I too doubted the pack scenario because I can’t recall ever reading about five cougars running together, thus I didn’t aggressively pursue the lead. And even if people occasionally do see a family unit traveling together in cougar country, could such a sighting be already occurring in the Happy Valley? Let’s just say I was reluctant to even shed light on the report but, hey, here it is. I report, you decide. Why not toss it out there, unlikely as it may seem.
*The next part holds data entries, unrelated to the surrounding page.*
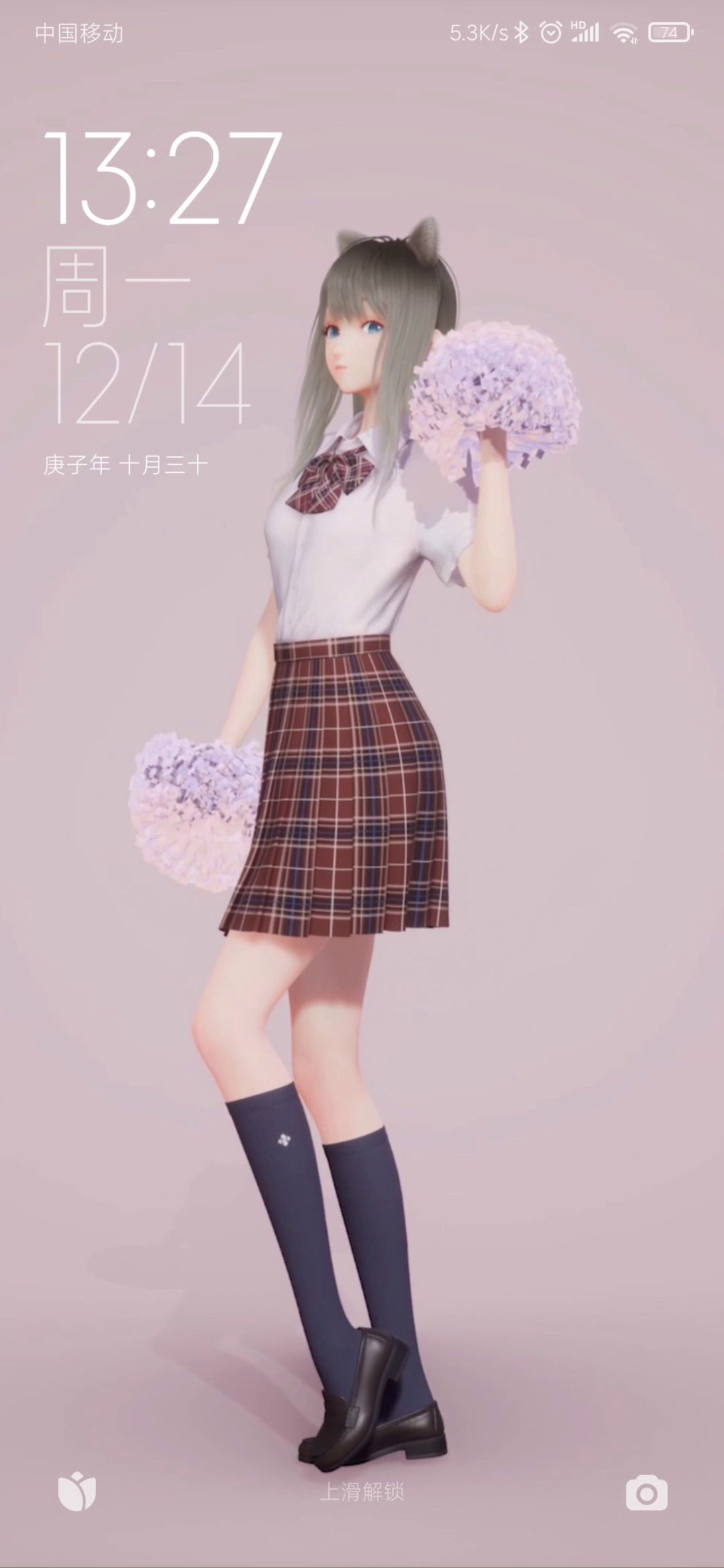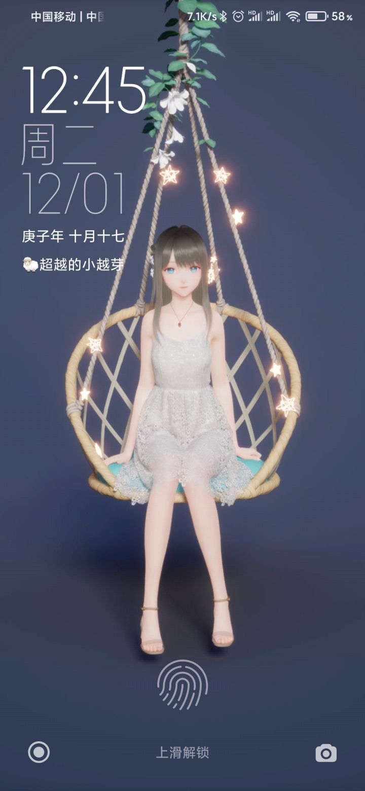 你们先在自带的主题商店里面设置动态壁纸。桌面和锁屏一起。然后在打开鹿鸣老婆。设置桌面和锁屏就行了。(小米红米机)
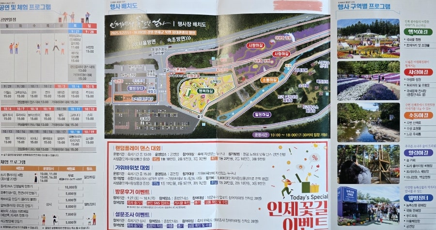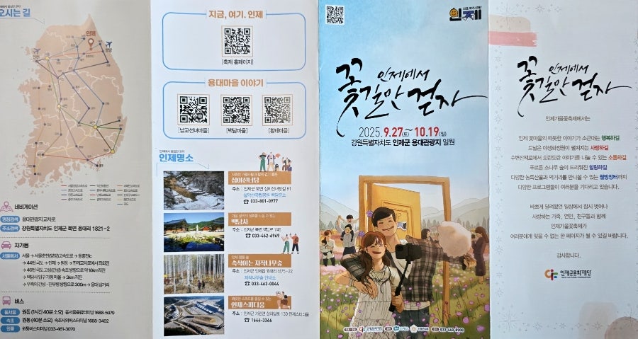 축제 리플릿을 받아봤어요. 인제 명소와 축제장 안내가 잘 정리되어 있었어요.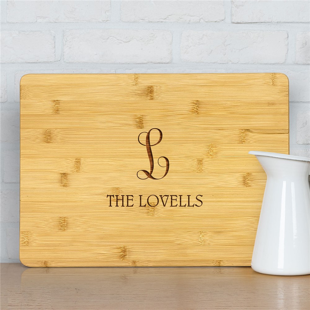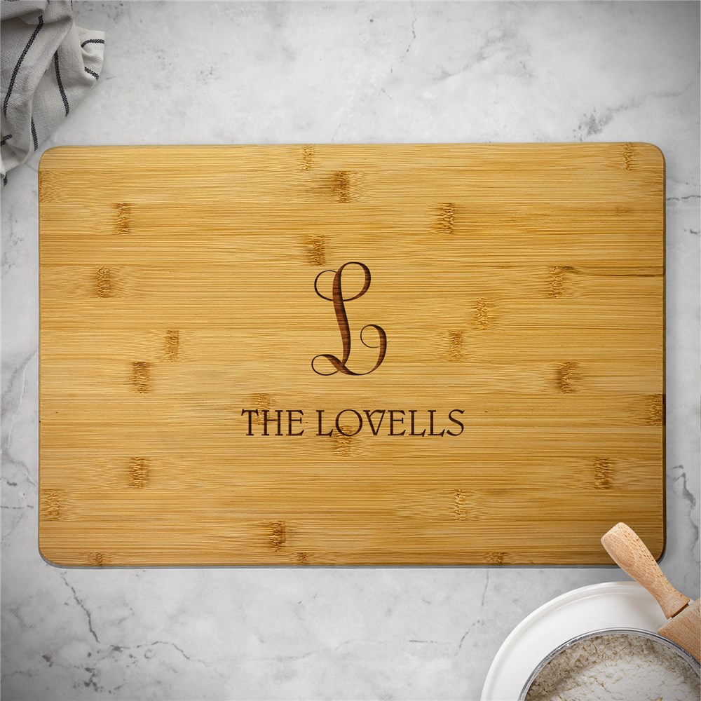 Celebrate family traditions and add a touch of elegance to your home with this Engraved Family Name and Initial Bamboo Cutting Board.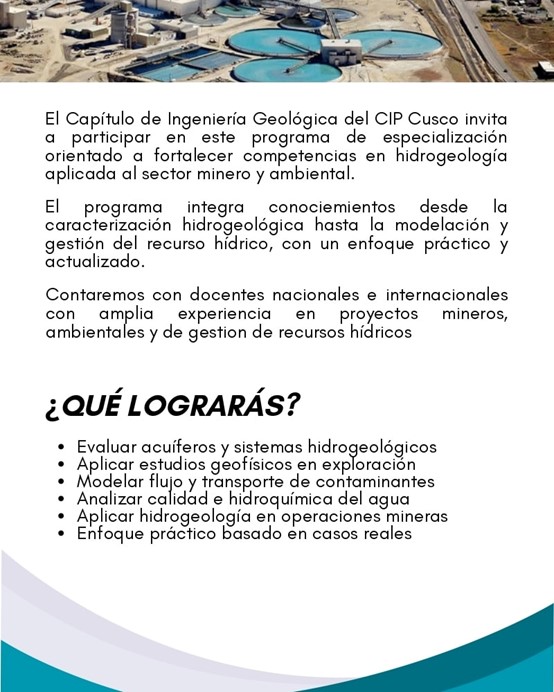 ✅ El Capítulo de Ingeniería Geológica del CIP Cusco, invita a participar en este importante programa de especialización orientado a fortalecer competencias en hidrogeología aplicada al sector minero y ambiental.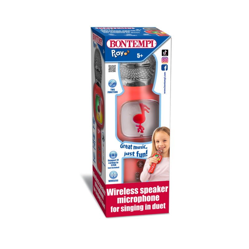 Microfono speaker wireless per cantare in duetto Funzione Karaoke on off voice riproduci tutte le tue canzoni preferite e SPEGNI la voce originale sulla musica ORA sei tu il cantante Effetto cambia voce Puoi riprodurre musica audio da una scheda micro SD non fornita da uno smartphone tablet PC Laptop ecc utilizzando la connessione wireless Bontempi485110 Funzione TWS puoi collegare senza fili un altro microfono identico e cantare in duetto Regolazione del volume della traccia in riproduzione Tasti di selezione traccia precedente successiva Slot per scheda Micro SD TF Presa USB Type C per caricare la batteria interna al litio cavo di ricarica incluso Dim 230x75x65 mm
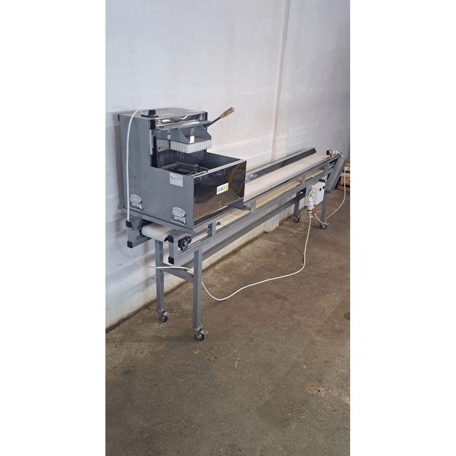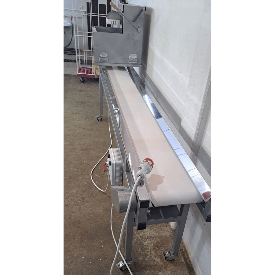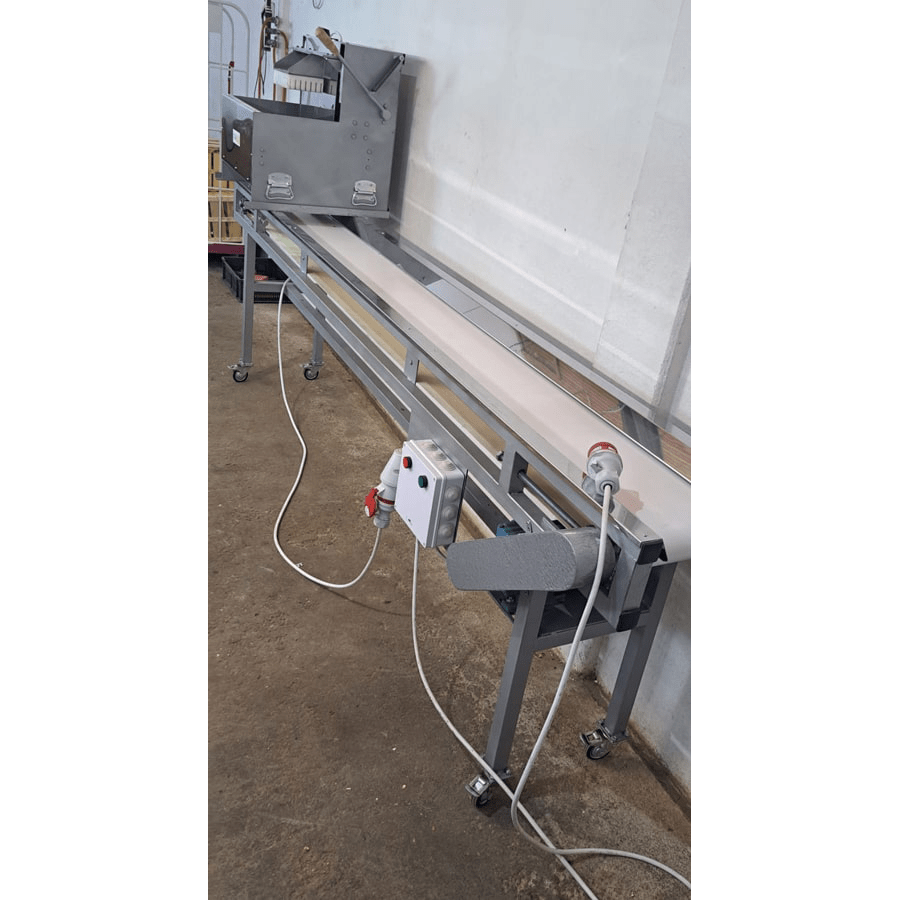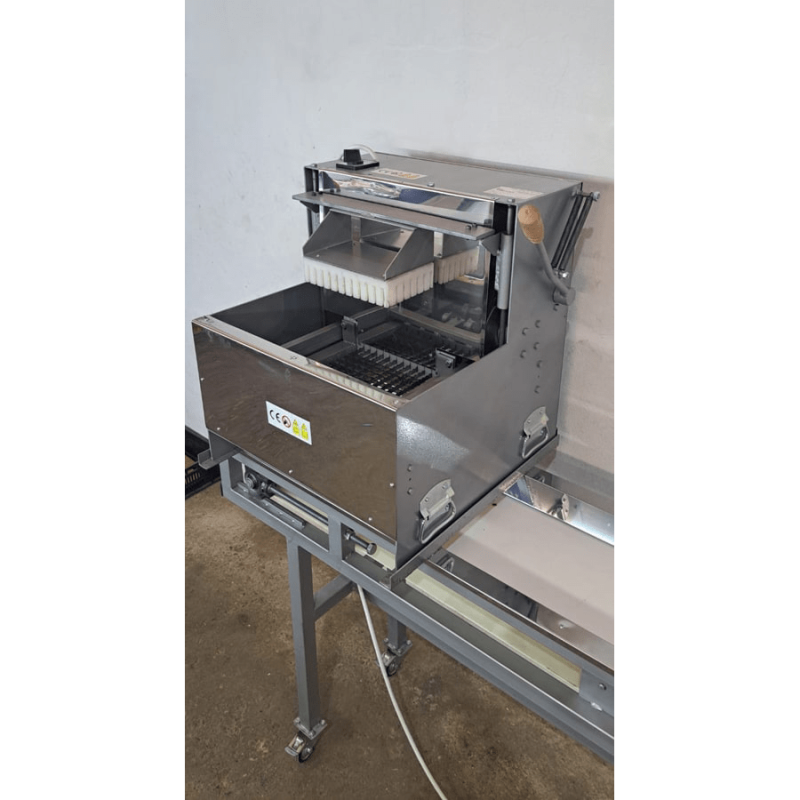 Модель SMK-2 предназначена для нарезки свежих грибов кубиками и дополнительно оснащена транспортерной лентой, которая автоматически отводит нарезанные кубики грибов на следующий этап производственного процесса.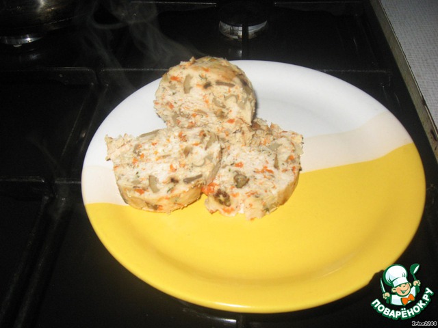 | Отличная замена магазинным колбасам из всяких отходов и красителей. Предполагается запекать ветчину в рукаве в консервной банке из-под ананасов или персиков, но у меня банки не оказалось и пришлось выходить из положения вот таким образом... |

But wait. There’s a complication. Six days earlier, on Dec. 18, Bob Gabry, Sunderland sewage-treatment-plant chief, was traveling to work before dawn on Falls Road in Sunderland and, yep, you guessed it, between Whitmore Falls and Char Pond, lo and behold, an unmistakable mountain lion standing broadside in the road, crossing from the Connecticut River toward Mt. Toby. Gabry was right on top of the large beast, got a good look with his high beams and estimated it weighed 150 or more pounds. The skittish critter crouched momentarily and leaped up the hill, disappearing like a powerful, muscular, agile ghost. Gabry called me at work to report the sighting, and a note awaited me on my desk when I returned from vacation. I followed up last week, and Gabry was still awestruck.

“I have never seen anything move so fast, graceful and powerful,” he marveled, “and I don’t care if you use my name. I know what I saw. It was a mountain lion, a big one with a long, thick tail. There was no mistaking it. It was a mountain lion, and, man, could it move. Incredible.”

So there you have it: a little something to spike your morning java. Don’t worry. No harm swishing it around in your mouth a little before swallowing it and letting your mind meander off to some deep, damp, dark depression in the Toby wilds.